So we're doing security audits and a lot of other things in that aspect. So let's talk a little bit more and kind of go through these really quickly. Secure boot. Exactly. What we're trying to do is ensure the authenticity and the integrity of the code running on the device at boot time. This is in updates and at boot time. So we validate that, we have add some…a lot of digital signature. There's some what they call ECDSA, elliptic curve digital signature algorithms, that kind of help with those pieces. But what it effectively is is that if someone takes our firmware and tries to change it, we are not going to allow it to be installed, at least not on a remote aspect where you can do it on several hundreds of thousands of devices.

This is an example here which we talk about is how we do this process. I just wanted to go in a little bit but effectively what it is is that we take our images in binary. We actually have a secure signing server that we go through that has been secured. When we build code in an environment, we actually do an encrypted signing of that so that we know that we have traceability from the entire process of the firmware, of literally what some people go...in some of our routers for example, we do use an embedded Linux but those objects that are running inside that embedded Linux, each one of those is validated through as a whole binary object so we know that none of them have been altered.

And in many cases, this is actually forced down from the CPU. The CPU doesn't even boot unless it's properly signed. And a lot of those signatures are actually programmed at the time in the factory and when we make this device to be able to make sure that these things and those signatures are there so it's effectively unable to be able to run anything other than software that we have signed. Again, getting into authentication, one thing I will say is a lot of these aspects, by definition, the Digi TrustFence is...some people like to say nebulous. 
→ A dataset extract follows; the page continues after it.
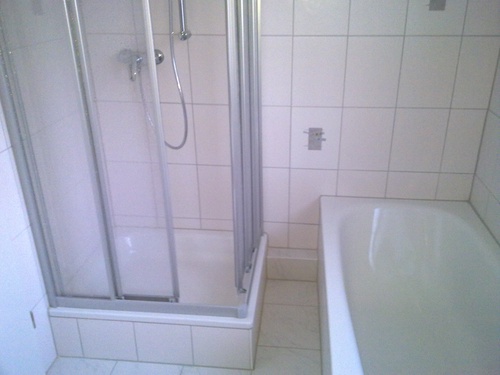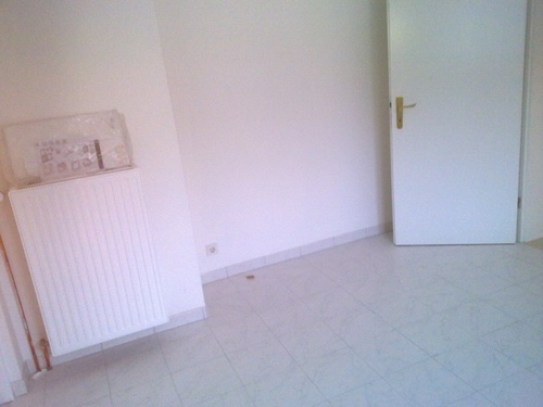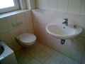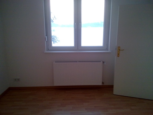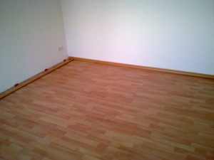 Bodenfliesen und Fliesenspiegel in der Küche. Boden und Wandfliesen im Bad sind weiß. Flurboden hell gefliest. Alle Wände mit neuer, weißer Strukturtapete. In den übrigen Räumen ist Laminat(Eiche hell) verlegt. Auf dem Balkon sind dunkle Steinplatten verlegt.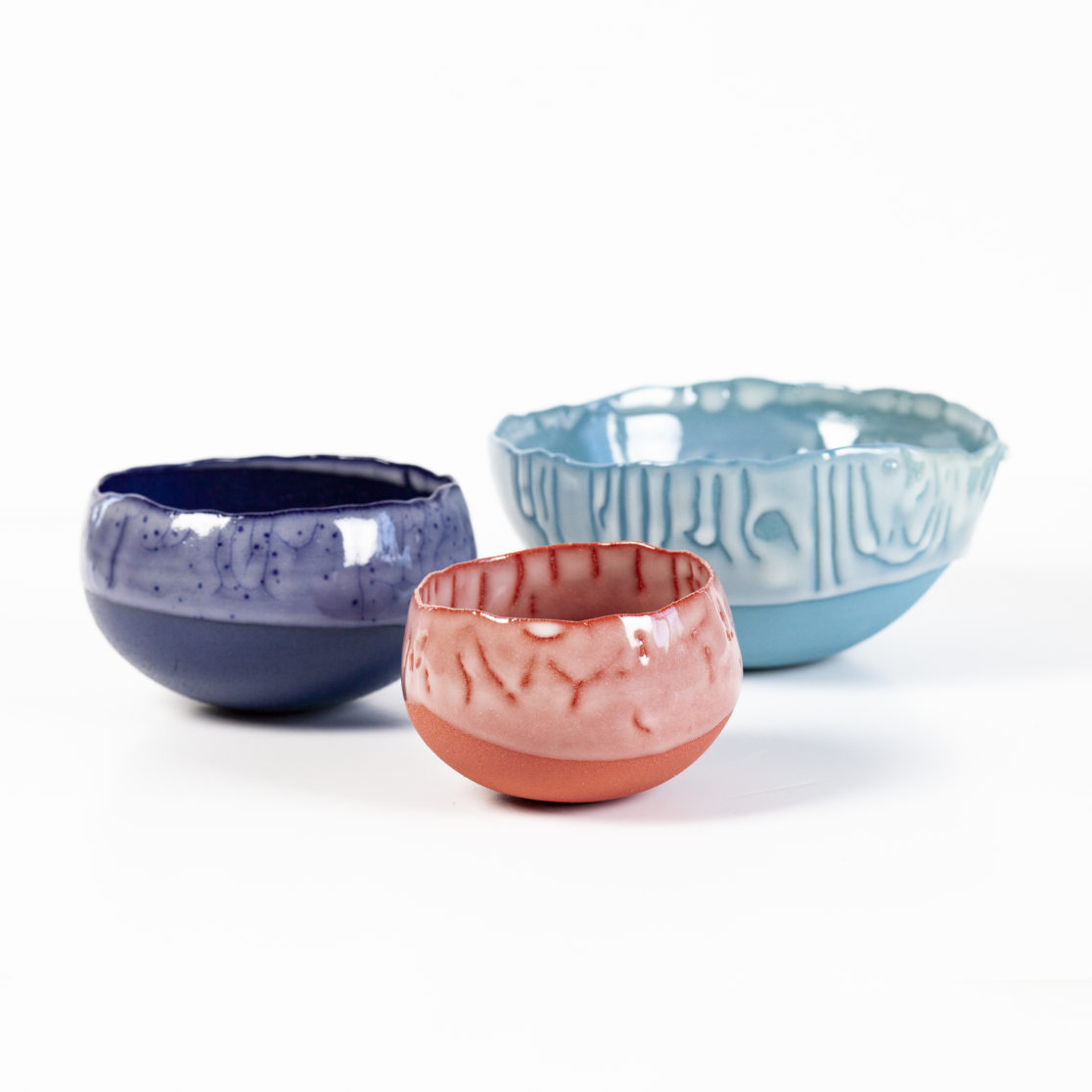 Après une deuxième cuisson, je recouvre partiellement mes pièces d’un émail fait maison, tel une seconde peau.

We don't necessarily try to drive into very specific examples, a technical example. It's a framework. It's a framework to be able to say these are the things that we're thinking about because these are the attacks. So you can see, case in point, the authentication, what we're looking for is the ability to support local users, things that might mean is for example the password that's stored locally is not actually just stored. We do hashing methods where we can and appropriate hashing methods. And if you're not familiar with that term, feel free how to store passwords. We make sure we salt and hash passwords in an appropriate algorithm if we have to store them so that they really can't be attacked from many different ways. And again, we're always trying to figure out what those algorithms are and update them to make sure that they're secure.

Again, we talked about no default password. We've also talked about radius/TACACS/LDAP which we're looking at. And that's kind of that support, the centralized authentication. We understand that that's a very common thing to support with many of the compliance standards out there, case in point, you know, many organizations have many different methodologies on how the complexity of the password, the length of the password, how long does it expire, where it is. Well, we just can't implement all those controls on a device. It would be very difficult to do because devices are limited in space and CPU power. 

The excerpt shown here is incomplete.